Pull every line holding the string "with" from the records below.

▶ [Records from a data source]
++++++
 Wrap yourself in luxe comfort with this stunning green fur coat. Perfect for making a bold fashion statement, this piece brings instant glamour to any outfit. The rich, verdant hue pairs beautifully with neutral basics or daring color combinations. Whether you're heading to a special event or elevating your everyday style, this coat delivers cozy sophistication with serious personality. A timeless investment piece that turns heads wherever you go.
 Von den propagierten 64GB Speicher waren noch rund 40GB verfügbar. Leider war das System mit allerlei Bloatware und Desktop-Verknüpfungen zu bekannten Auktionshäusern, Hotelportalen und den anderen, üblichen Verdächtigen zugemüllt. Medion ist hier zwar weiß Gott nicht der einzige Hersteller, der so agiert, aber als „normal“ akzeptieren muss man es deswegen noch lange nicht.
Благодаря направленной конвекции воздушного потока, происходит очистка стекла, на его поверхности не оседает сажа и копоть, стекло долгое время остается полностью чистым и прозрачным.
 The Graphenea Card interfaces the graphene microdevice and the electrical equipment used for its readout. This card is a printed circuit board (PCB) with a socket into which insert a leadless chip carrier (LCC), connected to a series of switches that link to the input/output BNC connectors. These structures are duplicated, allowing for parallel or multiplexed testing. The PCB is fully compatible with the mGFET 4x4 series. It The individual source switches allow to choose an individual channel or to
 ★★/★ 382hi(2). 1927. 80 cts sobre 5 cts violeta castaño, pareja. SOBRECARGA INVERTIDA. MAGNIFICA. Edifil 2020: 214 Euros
++++++
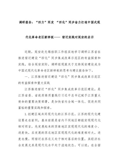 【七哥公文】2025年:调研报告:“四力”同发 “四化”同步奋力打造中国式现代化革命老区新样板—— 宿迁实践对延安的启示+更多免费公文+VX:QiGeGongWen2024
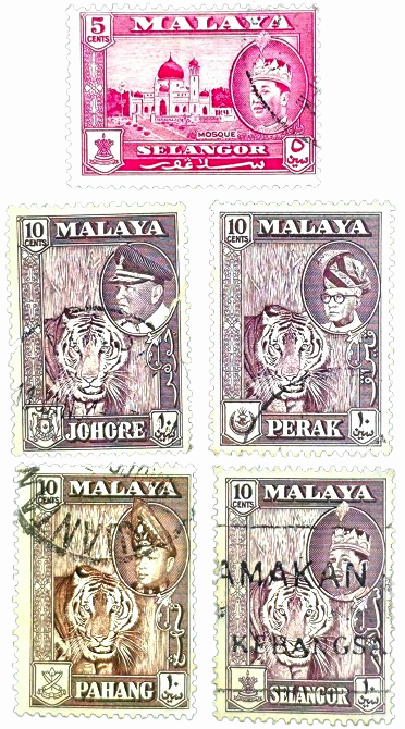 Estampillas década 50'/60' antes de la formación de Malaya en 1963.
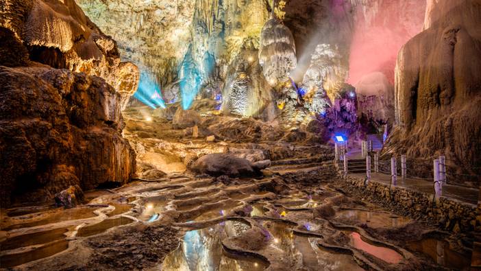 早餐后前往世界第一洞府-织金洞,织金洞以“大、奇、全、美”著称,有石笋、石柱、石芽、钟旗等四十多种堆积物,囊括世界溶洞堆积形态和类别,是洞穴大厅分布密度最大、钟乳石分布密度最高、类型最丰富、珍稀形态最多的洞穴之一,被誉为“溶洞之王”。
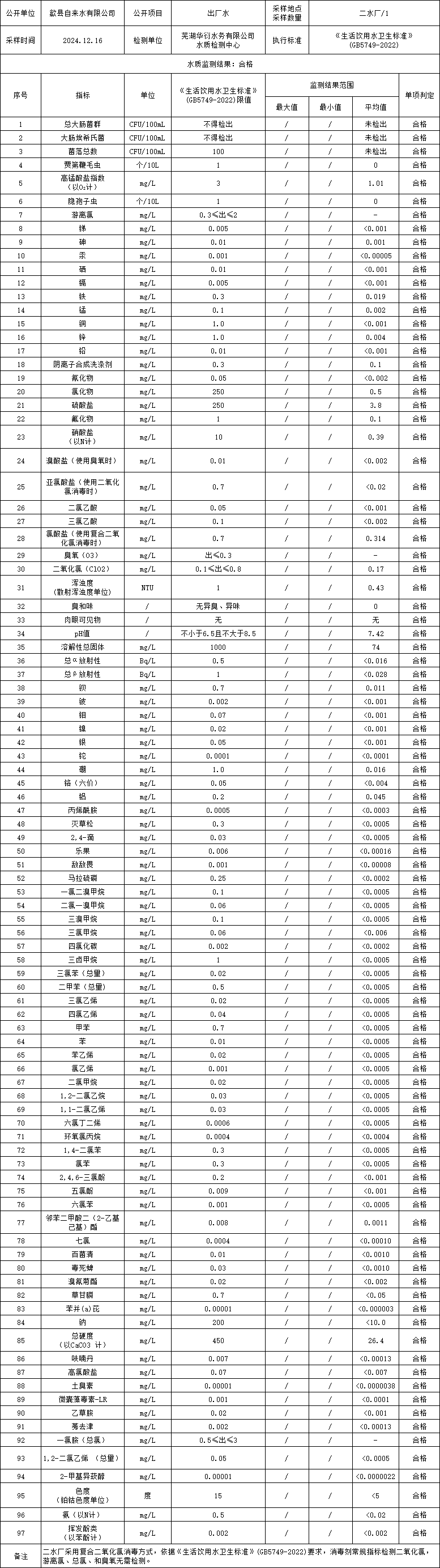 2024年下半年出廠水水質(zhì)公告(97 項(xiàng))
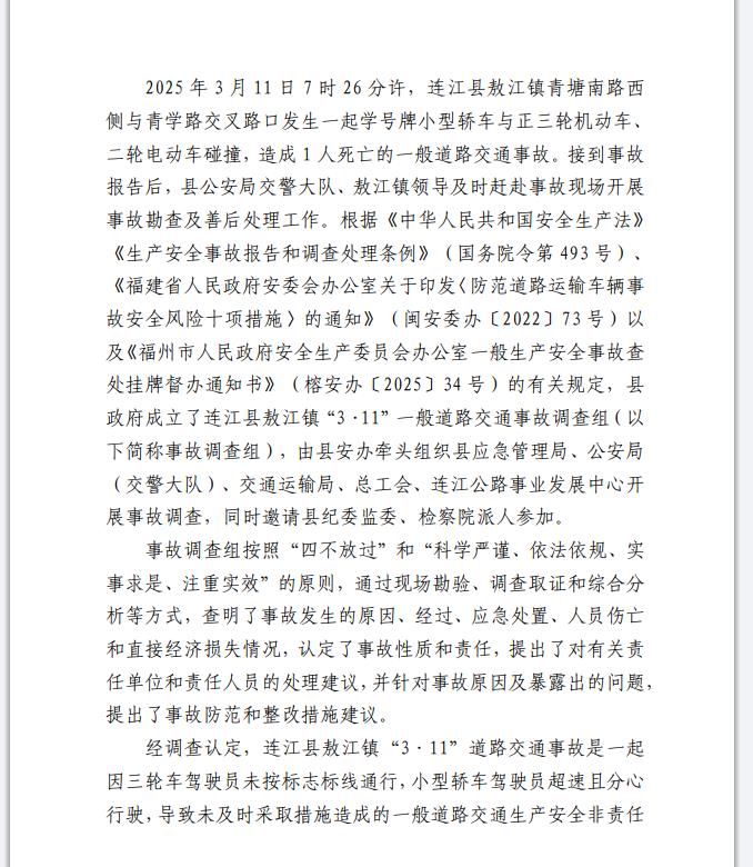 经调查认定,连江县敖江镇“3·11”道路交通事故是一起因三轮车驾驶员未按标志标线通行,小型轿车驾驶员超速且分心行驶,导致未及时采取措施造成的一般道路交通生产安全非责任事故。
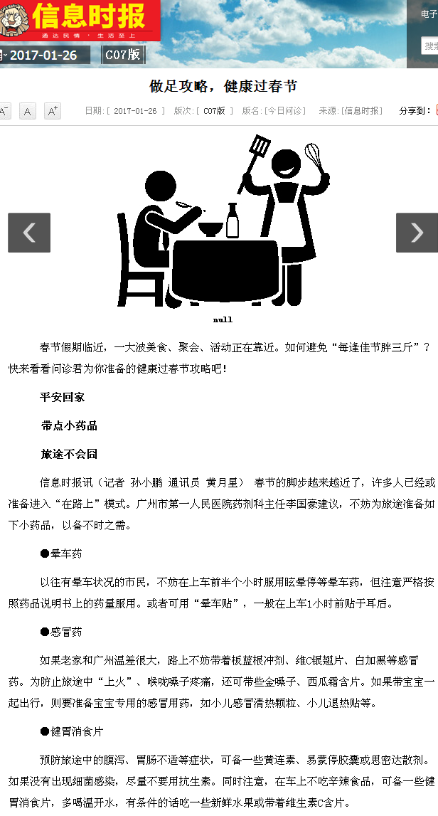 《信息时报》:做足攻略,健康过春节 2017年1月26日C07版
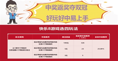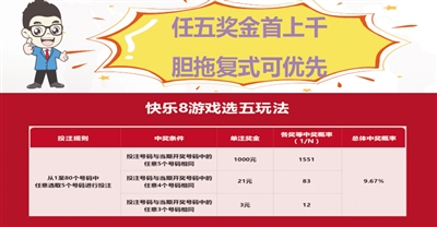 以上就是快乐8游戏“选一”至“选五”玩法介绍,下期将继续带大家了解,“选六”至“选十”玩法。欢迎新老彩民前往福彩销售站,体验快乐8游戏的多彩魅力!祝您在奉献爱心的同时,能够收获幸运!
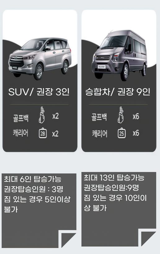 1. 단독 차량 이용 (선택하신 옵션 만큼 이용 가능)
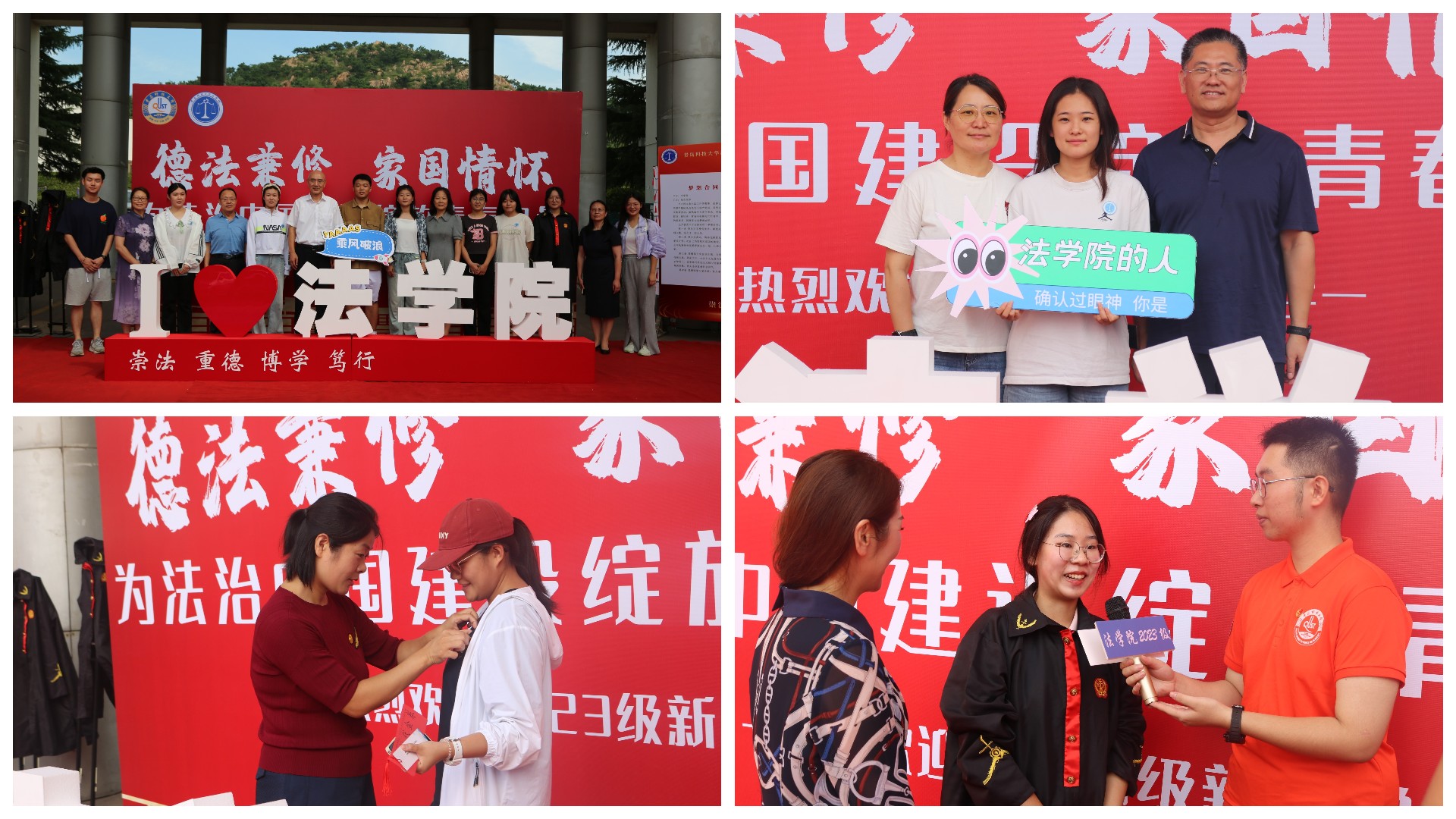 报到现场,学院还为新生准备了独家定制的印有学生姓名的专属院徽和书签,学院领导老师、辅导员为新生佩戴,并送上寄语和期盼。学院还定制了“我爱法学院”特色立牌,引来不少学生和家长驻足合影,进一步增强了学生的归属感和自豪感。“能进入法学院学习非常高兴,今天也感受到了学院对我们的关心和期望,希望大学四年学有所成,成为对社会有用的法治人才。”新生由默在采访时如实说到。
++++++
▶ [Completed exercise]
 Wrap yourself in luxe comfort with this stunning green fur coat. Perfect for making a bold fashion statement, this piece brings instant glamour to any outfit. The rich, verdant hue pairs beautifully with neutral basics or daring color combinations. Whether you're heading to a special event or elevating your everyday style, this coat delivers cozy sophistication with serious personality. A timeless investment piece that turns heads wherever you go.
 The Graphenea Card interfaces the graphene microdevice and the electrical equipment used for its readout. This card is a printed circuit board (PCB) with a socket into which insert a leadless chip carrier (LCC), connected to a series of switches that link to the input/output BNC connectors. These structures are duplicated, allowing for parallel or multiplexed testing. The PCB is fully compatible with the mGFET 4x4 series. It The individual source switches allow to choose an individual channel or to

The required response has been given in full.